With only minor modification, a backport with support for Python 3.6+ of the
``zoneinfo`` module could be created.
The ``tzdata`` package is designed to be "data only", and should support any
version of Python that it can be built for (including Python 2.7).
Security Implications
=====================
This will require parsing zoneinfo data from disk, mostly from system locations
but potentially from user-supplied data. Errors in the implementation
(particularly the C code) could cause potential security issues, but there is
no special risk relative to parsing other file types.
Reference Implementation
========================
An initial reference implementation is available at
https://github.com/pganssle/zoneinfo
This may eventually be converted into a backport for 3.6+.
Rejected Ideas
==============
Building a custom tzdb compiler
-------------------------------
One major concern with the use of the TZif format is that it does not actually
contain enough information to always correctly determine the value to return
for ``tzinfo.dst()``. This is because for any given time zone offset, TZif
only marks the UTC offset and whether or not it represents a DST offset, but
``tzinfo.dst()`` returns the total amount of the DST shift, so that the
"standard" offset can be reconstructed from ``datetime.utcoffset() -
datetime.dst()``. The value to use for ``dst()`` can be determined by finding
the equivalent STD offset and calculating the difference, but the TZif format
does not specify which offsets form STD/DST pairs, and so heuristics must be
used to determine this.
One common heuristic — looking at the most recent standard offset — notably
fails in the case of the time zone changes in Portugal in 1992 and 1996, where
the "standard" offset was shifted by 1 hour during a DST transition, leading to
a transition from STD to DST status with no change in offset. In fact, it is
possible (though it has never happened) for a time zone to be created that is
permanently DST and has no standard offsets.
Although this information is missing in the compiled TZif binaries, it is
present in the raw tzdb files, and it would be possible to parse this
information ourselves and create a more suitable binary format.
This idea was rejected for several reasons:
1. It precludes the use of any system-deployed time zone information, which is
usually present only in TZif format.
2. The raw tzdb format, while stable, is *less* stable than the TZif format;
some downstream tzdb parsers have already run into problems with old
deployments of their custom parsers becoming incompatible with recent tzdb
releases, leading to the creation of a "rearguard" format to ease the
transition. [#rearguard]_
3. Heuristics currently suffice in ``dateutil`` and ``pytz`` for all known time
zones, historical and present, and it is not very likely that new time zones
will appear that cannot be captured by heuristics — though it is somewhat
more likely that new rules that are not captured by the *current* generation
of heuristics will appear; in that case, bugfixes would be required to
accommodate the changed situation.
4. The ``dst()`` method's utility (and in fact the ``isdst`` parameter in TZif)
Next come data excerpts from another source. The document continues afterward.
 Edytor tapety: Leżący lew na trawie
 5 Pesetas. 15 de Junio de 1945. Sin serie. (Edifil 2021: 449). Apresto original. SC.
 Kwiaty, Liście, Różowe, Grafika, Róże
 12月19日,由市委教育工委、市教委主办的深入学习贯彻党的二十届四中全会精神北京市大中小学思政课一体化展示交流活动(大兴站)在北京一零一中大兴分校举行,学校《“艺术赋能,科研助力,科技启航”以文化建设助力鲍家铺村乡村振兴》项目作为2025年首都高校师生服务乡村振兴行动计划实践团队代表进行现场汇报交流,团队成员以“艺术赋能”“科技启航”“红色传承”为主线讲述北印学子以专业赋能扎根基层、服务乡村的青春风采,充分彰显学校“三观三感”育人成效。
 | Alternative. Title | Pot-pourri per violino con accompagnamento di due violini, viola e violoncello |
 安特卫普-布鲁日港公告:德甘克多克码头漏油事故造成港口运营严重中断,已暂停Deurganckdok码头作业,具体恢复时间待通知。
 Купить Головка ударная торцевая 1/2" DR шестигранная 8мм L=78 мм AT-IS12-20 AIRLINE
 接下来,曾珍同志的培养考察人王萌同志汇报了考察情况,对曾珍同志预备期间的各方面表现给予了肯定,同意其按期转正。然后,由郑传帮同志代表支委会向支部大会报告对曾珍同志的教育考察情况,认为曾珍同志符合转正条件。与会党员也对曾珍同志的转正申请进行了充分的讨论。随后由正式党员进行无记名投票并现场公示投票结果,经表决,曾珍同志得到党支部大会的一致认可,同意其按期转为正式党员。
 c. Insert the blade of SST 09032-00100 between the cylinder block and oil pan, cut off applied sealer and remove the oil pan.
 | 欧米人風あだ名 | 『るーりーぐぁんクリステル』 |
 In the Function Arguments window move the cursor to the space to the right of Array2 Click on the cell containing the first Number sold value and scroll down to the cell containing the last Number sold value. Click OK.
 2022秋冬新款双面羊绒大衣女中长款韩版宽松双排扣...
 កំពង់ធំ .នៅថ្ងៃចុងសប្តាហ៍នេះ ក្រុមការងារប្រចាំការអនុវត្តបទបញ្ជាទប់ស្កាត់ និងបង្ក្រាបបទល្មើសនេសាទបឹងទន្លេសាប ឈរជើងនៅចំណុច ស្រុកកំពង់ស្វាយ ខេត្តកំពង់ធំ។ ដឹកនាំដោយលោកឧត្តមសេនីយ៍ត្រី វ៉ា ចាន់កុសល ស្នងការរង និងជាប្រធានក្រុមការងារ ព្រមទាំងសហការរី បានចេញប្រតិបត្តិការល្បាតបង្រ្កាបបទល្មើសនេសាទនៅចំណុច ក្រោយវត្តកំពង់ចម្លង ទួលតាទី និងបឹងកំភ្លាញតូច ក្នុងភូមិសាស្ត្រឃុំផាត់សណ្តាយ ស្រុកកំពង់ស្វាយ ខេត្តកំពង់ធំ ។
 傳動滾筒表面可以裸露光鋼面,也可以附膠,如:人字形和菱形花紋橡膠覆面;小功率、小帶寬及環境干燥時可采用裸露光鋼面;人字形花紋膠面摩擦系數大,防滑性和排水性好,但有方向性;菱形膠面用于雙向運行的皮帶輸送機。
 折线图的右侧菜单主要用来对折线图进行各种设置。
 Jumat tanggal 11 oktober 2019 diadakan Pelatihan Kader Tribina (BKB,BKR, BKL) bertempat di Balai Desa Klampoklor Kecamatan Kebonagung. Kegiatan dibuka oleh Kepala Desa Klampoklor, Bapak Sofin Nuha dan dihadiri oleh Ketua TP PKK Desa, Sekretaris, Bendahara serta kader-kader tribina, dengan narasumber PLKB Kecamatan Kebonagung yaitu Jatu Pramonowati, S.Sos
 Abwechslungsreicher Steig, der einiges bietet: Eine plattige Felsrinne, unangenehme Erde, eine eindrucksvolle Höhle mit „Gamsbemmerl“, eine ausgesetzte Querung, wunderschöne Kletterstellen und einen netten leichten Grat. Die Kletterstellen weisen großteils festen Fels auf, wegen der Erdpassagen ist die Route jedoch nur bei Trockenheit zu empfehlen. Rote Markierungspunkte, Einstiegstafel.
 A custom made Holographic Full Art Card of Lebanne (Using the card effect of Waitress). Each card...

is somewhat questionable to start with, as almost all the useful information
is contained in the ``utcoffset()`` and ``tzname()`` methods, which are not
subject to the same problems.
In short, maintaining a custom tzdb compiler or compiled package adds
maintenance burdens to both the CPython dev team and system administrators, and
its main benefit is to address a hypothetical failure that would likely have
minimal real world effects were it to occur.
.. _why-no-default-tzdata:
Including ``tzdata`` in the standard library by default
-------------------------------------------------------
Although PEP 453 [#pep453-ensurepip]_, which introduced the ``ensurepip``
mechanism to CPython, provides a convenient template for a standard library
module maintained on PyPI, a potentially similar ``ensuretzdata`` mechanism is
somewhat less necessary, and would be complicated enough that it is considered
out of scope for this PEP.
Because the ``zoneinfo`` module is designed to use the system time zone data
wherever possible, the ``tzdata`` package is unnecessary (and may be
undesirable) on systems that deploy time zone data, and so it does not seem
critical to ship ``tzdata`` with CPython.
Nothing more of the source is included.